Question

Find the principal value of ${\cos ^{ - 1}}\left( { - \dfrac{1}{{\sqrt 2 }}} \right)$.

Answer 1

Hint: The principal value of an inverse trigonometric function at a point x is the value of the inverse function at the point x, which lies in the range of the principal branch. The principal value of the cosine function is from $\left[ {0,{{\pi }}} \right]$. From the table we will find the value of the function within the principal range. Then we will use the formula
$cos^{-1}(-x) = 180^o - cos^{-1}(x)$ to get our final answer.

Complete step-by-step answer:
The values of the cosine function are-

Function	$0^o$	$30^o$	$45^o$	$60^o$	$90^o$
cos	1	$\dfrac{{\sqrt 3 }}{2}$	$\dfrac{1}{{\sqrt 2 }}$	$\dfrac{1}{2}$	0

In the given question we need to find the principal value of ${\cos ^{ - 1}}\left( { - \dfrac{1}{{\sqrt 2 }}} \right)$. We know that for cosine function to be negative, the angle should be obtuse, that is greater than $90^o$.

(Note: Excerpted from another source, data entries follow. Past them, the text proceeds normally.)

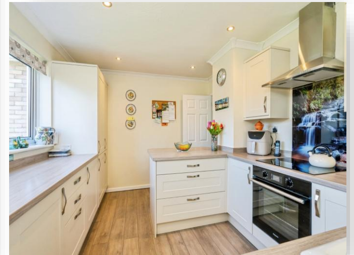
Ivy Close, Westergate Chichester PO20 3RF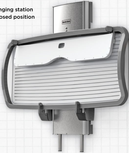
Changing station in closed position

Integrated height controls on wall unit and stretcher resist tampering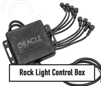
Rock Light Control Box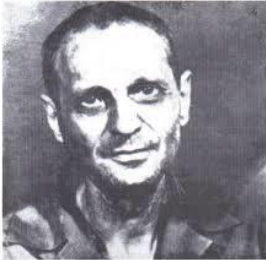
Richard Wurmbrand at the time of his imprisonment.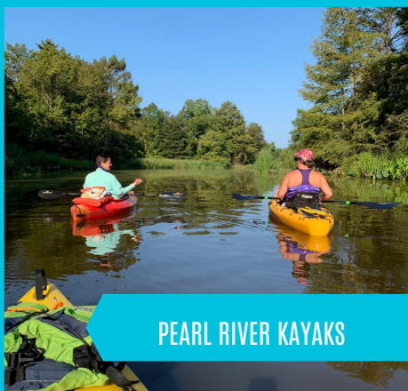
PEARL RIVER KAYAKS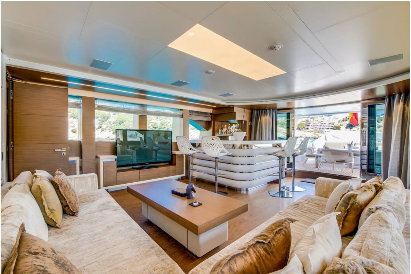
Upper deck lounge and bar area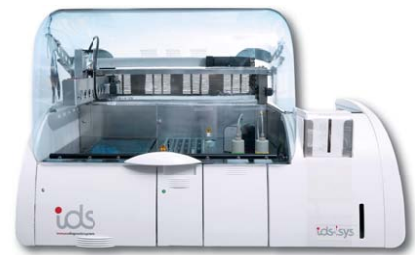
IDS-iSYS Multi-Discipline Automated System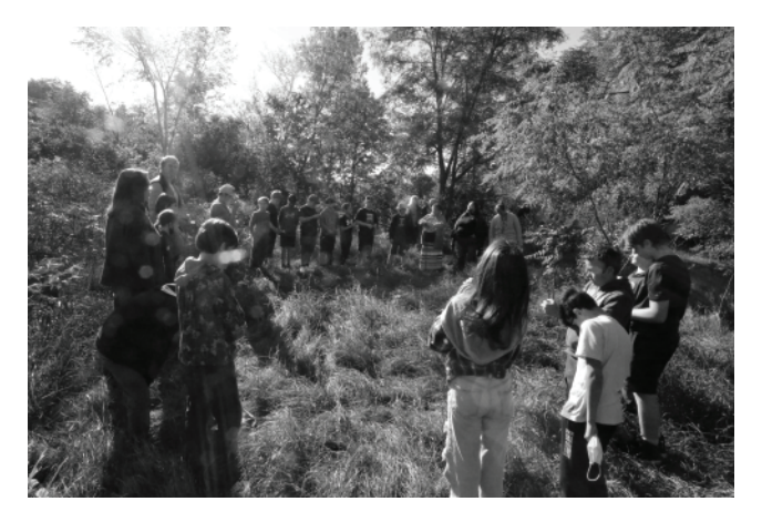
A teaching gathering at the site of the future Mishkodeh Centre for Indigenous Knowledge.

One suggestion from this video is that those who are non-Indigenous identify a project that can be worked on with Indigenous people as a way to work together, build relationships and create trust for further work around land issues and conservation issues. Do some brainstorming about a project like this that could happen in your community.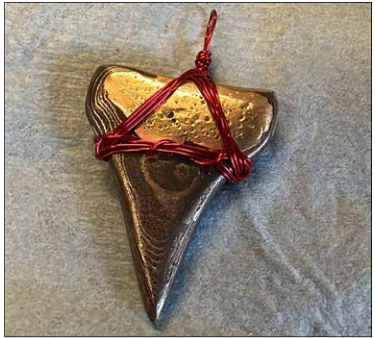
A shark tooth crafted for the FABA Conference Exchange

Timber Creek Distillery is located at 6451 Lake Ella Rd, Crestview, FL 32539. Expect to travel the last leg of your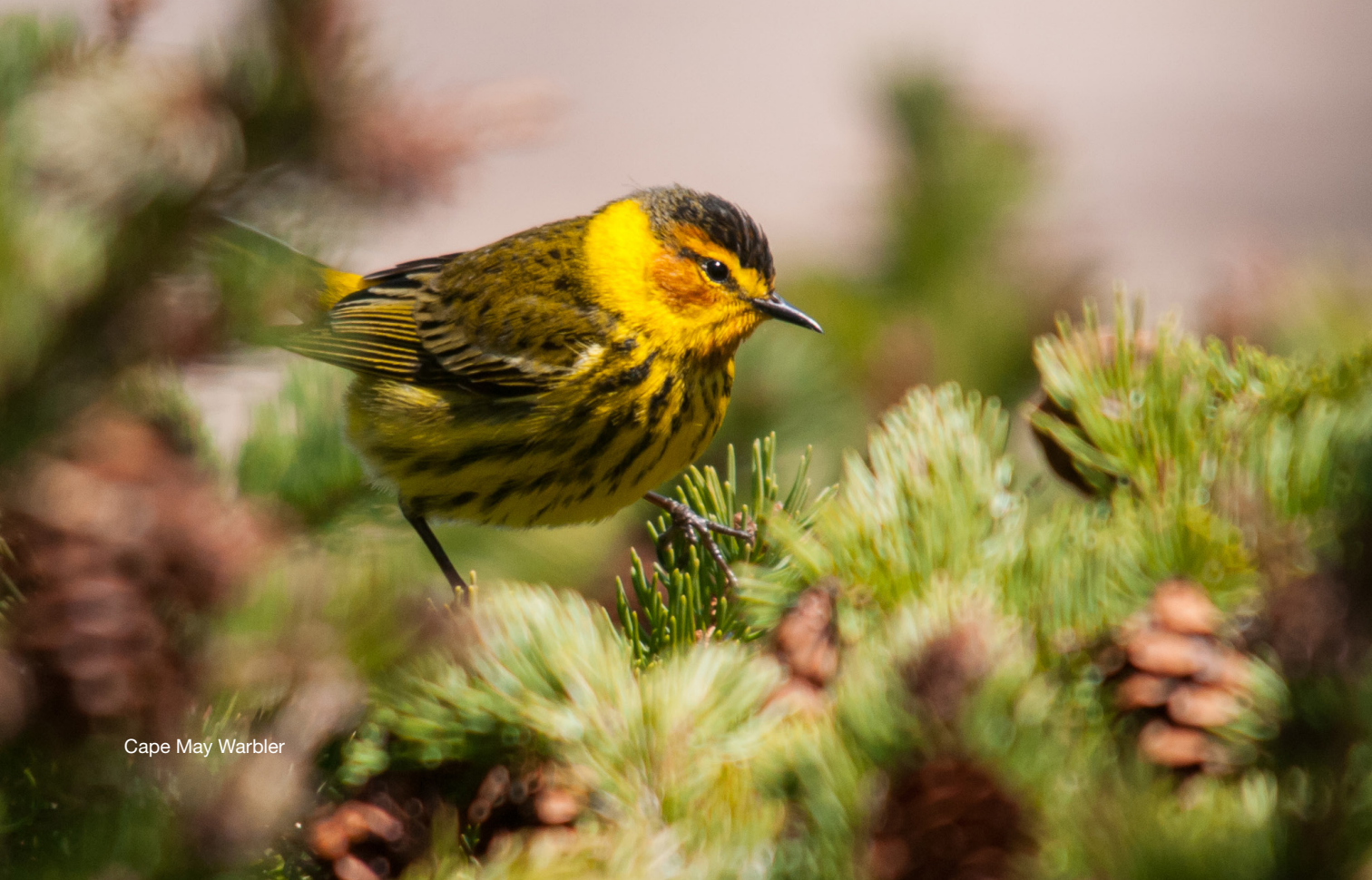
Cape May Warbler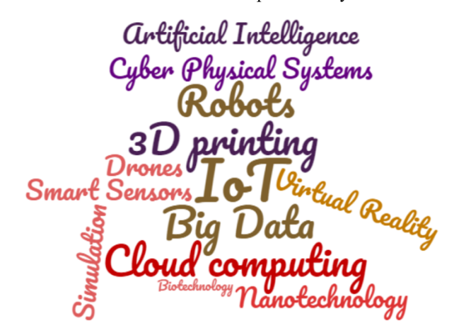
Fig. 3. The most cited disruptive technologies between 2011 and 2019 – adapted from Bongomin et al. (2020) [19]

The Industry 4.0 laboratory (Lab. 4.0) uses the fourth industrial revolution technologies to promote an environment where the students can change the process and see the results immediately. The selected technologies are well related to the disruptive technologies most cited in the literature between 2011 and 2019, according to Bongomin et al. (2020) [19]. Fig. 3 is a cloud representation where the size of words is related to the number of citations in a comparative way.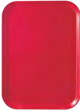
Cambro Red (521)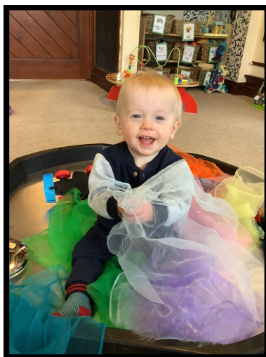
Sensory tray fun.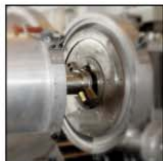
Water ring cutter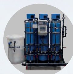
Triplex Ion exchanger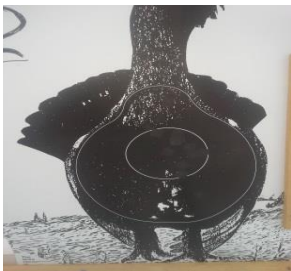
Tiur sitt 100 m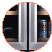
DESIGN CURVE HANDLE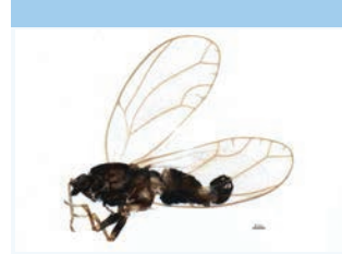
[Lateral] Psyllidae BIN URI: BOLD:ACF6530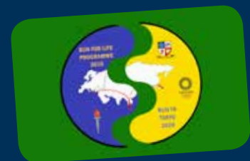
Design of 2-in-1 Collar Pin for Run to Tokyo Project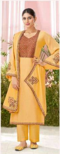
D.No.1001 • ❁ •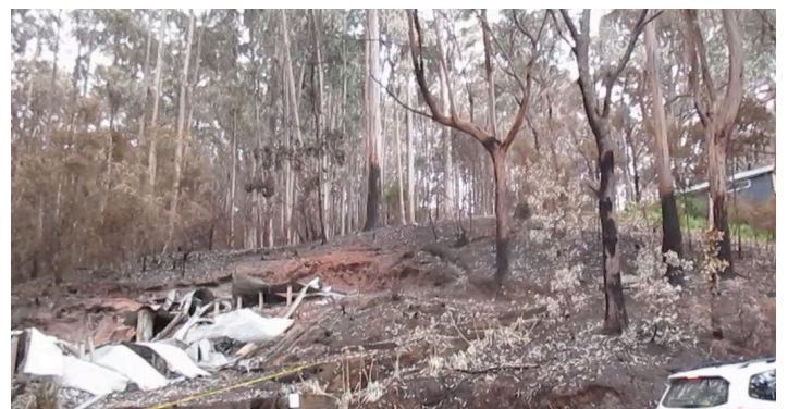
Bottom Right: Rubble is all that is left of a neighbours house, seen on the left of the image. Damo's house can be seen still standing off to the right edge of the photo.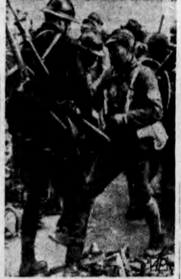
EAST MEETS WEST A French soldier disarms a Chinese seeking refuge in Shanghai's French Concession.

A Government Problem... In Spain, scoffing at compromise, El Caudillo Franco took his soldiers southward to continue the war into the winter.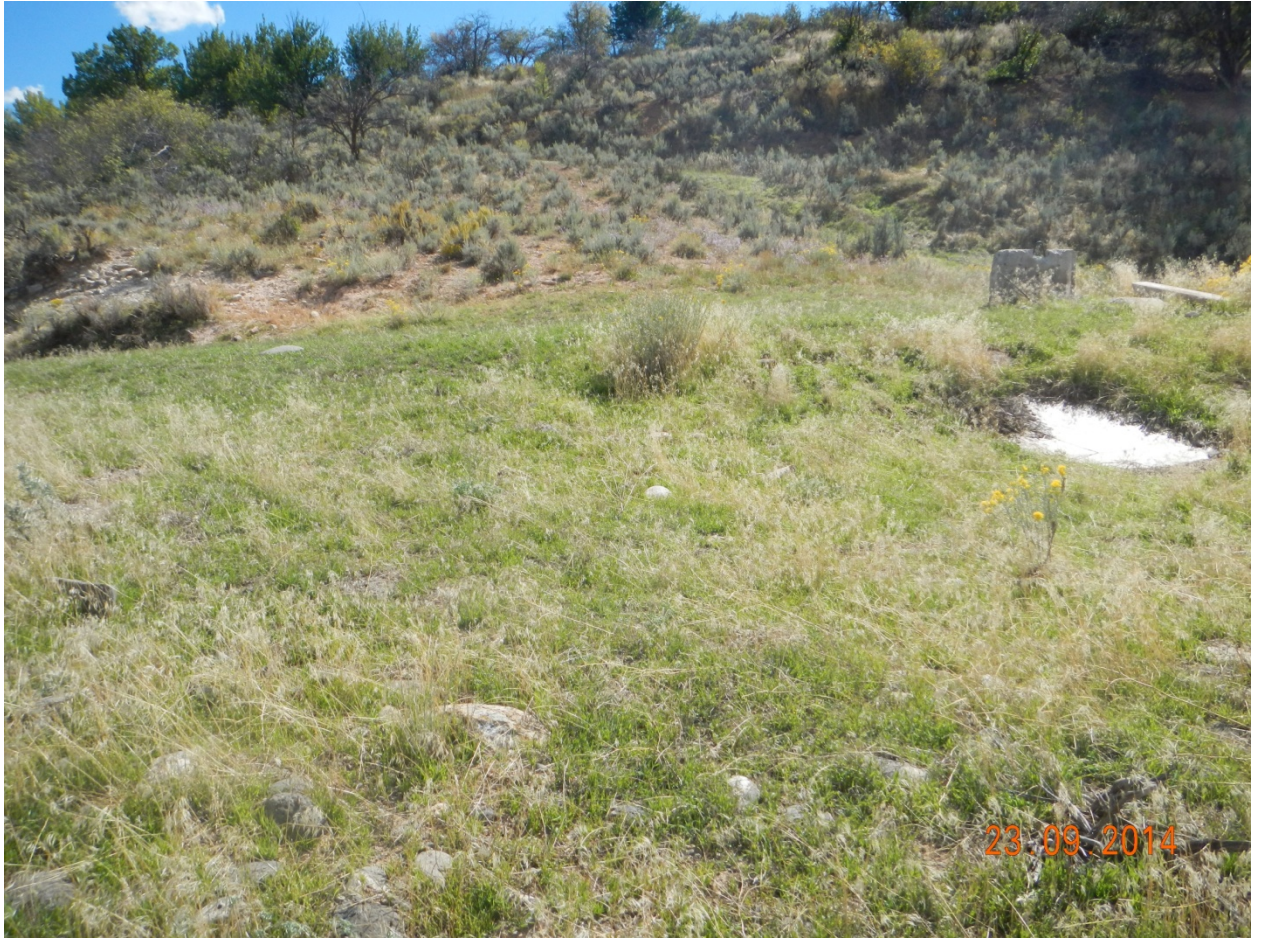
3. Looking South from NE corner.

We know that $\cos {45^o} = \dfrac{1}{{\sqrt 2 }}$. This means that the value of ${\cos ^{ - 1}}\left( {\dfrac{1}{{\sqrt 2 }}} \right) = {45^o}$. So the value of the given expression can be calculated as-

${\cos ^{ - 1}}\left( { - \dfrac{1}{{\sqrt 2 }}} \right) = {180^{\text{o}}} - {45^{\text{o}}} = {135^{\text{o}}}$
We know that ${{\pi }}$ rad = $180^o$, so
${\cos ^{ - 1}}\left( { - \dfrac{1}{{\sqrt 2 }}} \right) = \dfrac{{3{{\pi }}}}{4}$
This is the required value.

Note: In such types of questions, we need to strictly follow the range of the principal values that have been specified. The principal value of cosine in the question should always be between $0^o$ and $180^o$. This is because there can be infinite values of any inverse trigonometric functions. One common mistake is that students get confused between the sine and the cosine functions, and often write the values of sine function or vice versa. Also, students often do not pay attention to the negative, which leads to the wrong answer.